Another instance of false balance gives us another common anti-vaccine (and alternative medicine in general) trope – if only we had good nutrition and didn’t inject chemicals into our bodies we would be immune to all disease. The article, Valley doctor: Don’t vaccinate your kids, cites Dr. Jack Wolfson of Wolfson Integrative Cardiology.

Wolfson does not believe in vaccination. “We do not need to inject chemicals into ourselves and into our children in order to boost our immune system,” he said.

The cardiologist also believes the key is to have a healthy immune system. In order to have that, he says, you have to avoid chemicals, get enough sleep, exercise, take good supplements, and have proper nutrition.

“I’m a big fan of what’s called paleo-nutrition, so our children eat foods that our ancestors have been eating for millions of years,” he said. “That’s the best way to protect.”

Right – avoid chemicals. In order to avoid chemicals you would have to avoid food. You wouldn’t survive very long without chemicals.

A healthy lifestyle is, of course, a good thing and a solid part of science-based medicine. It is a complete fiction, however, to claim that a healthy lifestyle will make one immune to infectious disease or other illness. It will make you healthier, but not immune. We are engaged in biological warfare with infectious microbes. We do not have an insuperable advantage over them. Sometimes they win. Sometimes we win, but the infections cause pain, suffering, lost productivity, and permanent damage in the meantime.

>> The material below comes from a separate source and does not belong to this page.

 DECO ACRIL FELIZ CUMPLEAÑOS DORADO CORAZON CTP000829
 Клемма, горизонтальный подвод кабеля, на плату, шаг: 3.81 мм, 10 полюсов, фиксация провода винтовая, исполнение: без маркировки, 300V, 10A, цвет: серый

He also trots out the “ancient wisdom” trope, as if our cavemen ancestors had the perfect diet. They lived on the brink of starvation and death. Their fossils indicate that they were disease ridden. The Western diet is not perfect and suffers from excess, but it is vastly superior to our prehistoric ancestors. We have access to a far wider variety of food, including fresh fruits and vegetables year round. We are taller and healthier because of superior nutrition.

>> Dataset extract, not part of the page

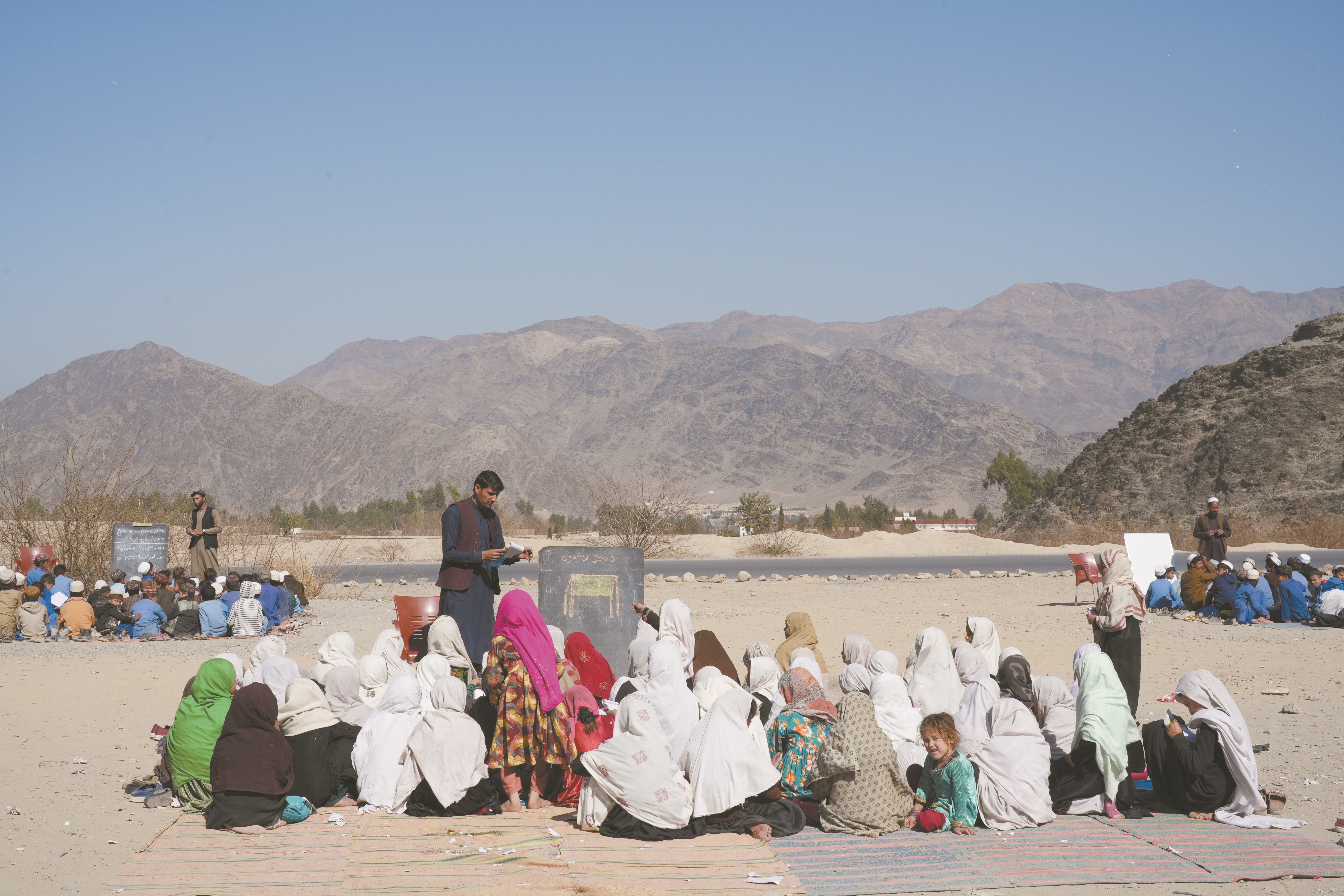 阿富汗连续40多年的战乱环境,让很多学龄儿童失去了基本的学习条件。近日,在阿富汗东部边境省份楠格哈尔贾拉拉巴德的一条公路边,数百名孩子席地而坐,在没有校舍和桌椅的露天学校上课。

By the way – millions of years? Millions of years ago our ancestors were scavengers eating raw meat and marrow. Next, I guess, we’ll see some guru pushing the “roadkill diet.”

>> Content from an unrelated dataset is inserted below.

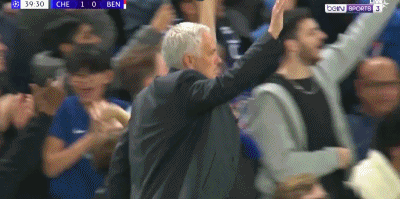 第41分鍾,本菲卡球迷情緒激動,穆裏尼奧安撫球迷

But the alternative medicine gurus need you to believe that modern society is killing us, so that they can sell you their snake oil. They fearmonger about toxins and chemicals and then sell you the solution, whatever their nonsense of the day is.

The anti-vaccine movement also depends greatly on scientific illiteracy, including a fundamental misunderstanding about what vaccines are and how they work. Generally speaking, vaccines provide either a weakened version of the infectious agent, a killed version, or just proteins that provoke an immune response. Our immune systems have memory, so when we encounter the wild type virus or bacteria our vaccinated immune systems will already have cells that remember how to make antibodies against them. We will launch a much more rapid and vigorous response, and fight off the infection before we become symptomatic or can spread the disease (or at least reduce the severity and potential for spread).

This is just a safe and clever way to target our immune system against known infections. The approach works, and has perhaps the highest benefit to risk ratio of any medical intervention developed by our species.


The anti-vaccine movement was always a minority movement, but large enough to erode herd immunity, especially in pockets of the overly privileged who have the benefit of living in a time when they are not familiar with the diseases that we are protected from by vaccines.

If history is any guide they will likely be with us as long as vaccines are with us, and their popularity will wax and wane in cycles. I think we are seeing a serious downswing in their popularity as the predictable outcome of their anti-science views begins to manifest. They will likely be pushed further to the fringe, awaiting a future generation that once again forgets about measles and other diseases that have been rendered rare due to vaccines.